MATERIAL FOR THIS TASK Block Start

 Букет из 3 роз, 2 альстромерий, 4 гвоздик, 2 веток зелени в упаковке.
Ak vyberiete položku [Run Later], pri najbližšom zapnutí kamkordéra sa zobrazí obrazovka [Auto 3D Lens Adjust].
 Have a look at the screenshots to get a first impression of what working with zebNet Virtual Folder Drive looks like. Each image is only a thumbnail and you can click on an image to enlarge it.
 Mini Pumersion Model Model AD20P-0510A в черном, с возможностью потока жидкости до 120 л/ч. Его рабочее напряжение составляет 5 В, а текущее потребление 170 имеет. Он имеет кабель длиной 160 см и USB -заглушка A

MATERIAL FOR THIS TASK Block End
MATERIAL FOR THIS TASK Block Start

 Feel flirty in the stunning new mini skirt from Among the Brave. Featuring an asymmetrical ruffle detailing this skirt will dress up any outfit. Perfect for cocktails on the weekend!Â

MATERIAL FOR THIS TASK Block End

Using the data above, reproduce exactly the lines from the line that contains "Букет из 3 роз, 2" through the line that contains "Mini Pumersion Model", including both.

 Букет из 3 роз, 2 альстромерий, 4 гвоздик, 2 веток зелени в упаковке.
Ak vyberiete položku [Run Later], pri najbližšom zapnutí kamkordéra sa zobrazí obrazovka [Auto 3D Lens Adjust].
 Have a look at the screenshots to get a first impression of what working with zebNet Virtual Folder Drive looks like. Each image is only a thumbnail and you can click on an image to enlarge it.
 Mini Pumersion Model Model AD20P-0510A в черном, с возможностью потока жидкости до 120 л/ч. Его рабочее напряжение составляет 5 В, а текущее потребление 170 имеет. Он имеет кабель длиной 160 см и USB -заглушка A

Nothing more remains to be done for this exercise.